Russian prosecutors on Monday backed a request to detain opposition leader Alexei Navalny for several years on old charges, after police detained a record number of anti-Kremlin protesters across the country.
On Sunday, protesters defied government warnings and gathered across the country – including in Moscow and St. Petersburg, where authorities enforced unprecedented lockdown of the center – in a second weekend of mass protests over the arrest of President Vladimir Putin’s most prominent opponents.
The protests – which stretched from the port of Vladivostok in the Pacific region to the northwestern city of Pskov – came before an attentive court hearing that could see Navalny imprisoned for several years.
Navalny’s detention and violence against protesters have sparked outcry in the West.
EU foreign policy chief Josep Borrell is expected to press the Kremlin to liberate Navalny when he goes to Moscow on Thursday.
Navalny, 44, faces charges of violating the terms of a late 2014 embezzlement sentence and could be jailed for two and a half years.

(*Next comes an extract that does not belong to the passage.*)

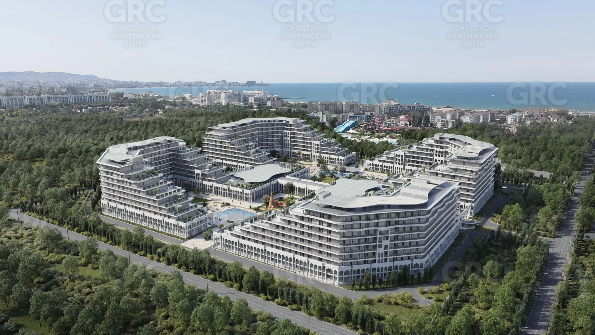 Этот современный отель - это не просто место для отдыха, а целый курортный комплекс премиум-класса. Архитектурный ансамбль состоит из четырёх элегантных 9-этажных зданий каскадной формы с подземным паркингом, уютного административного корпуса с кафе и рестораном, а также отдельного корпуса с просторной SPA-зоной, бассейнами, фитнес-центром и детской комнатой.

The public prosecutor’s office said in a statement on Monday that it supported a request from the prison service to change the temporary sentence to prison.
“This movement is considered legal and justified,” the statement said.
Navalny was arrested at a Moscow airport in mid-January after flying back to Russia from Germany where he was recovering from poisoning in August.
He blames the attack by nerve agent Novichok on Putin and the FSB’s security bureau.
Batons and tasers
The campaign against corruption is being held in a high-security detention center and faces years in prison in several different criminal cases, despite calls by Western governments for his release.
Navalny’s team has called on his supporters to gather in front of Moscow’s district court on Tuesday to show support for opposition politicians.
In recent years, Navalny has served a number of short prison terms but never a long prison term.
On Sunday, thousands of people gathered across Russia to demand freedom for Navalny and changes to Russia’s tightly controlled political system.
OVD Info, which monitors the arrest of opposition protesters, said more than 5,400 people had been detained – a record in the history of modern Russia.
Ahead of Sunday’s demonstration, authorities locked down the capital, with hundreds of police along the streets, central metro stations closed and restrictions on pedestrian traffic.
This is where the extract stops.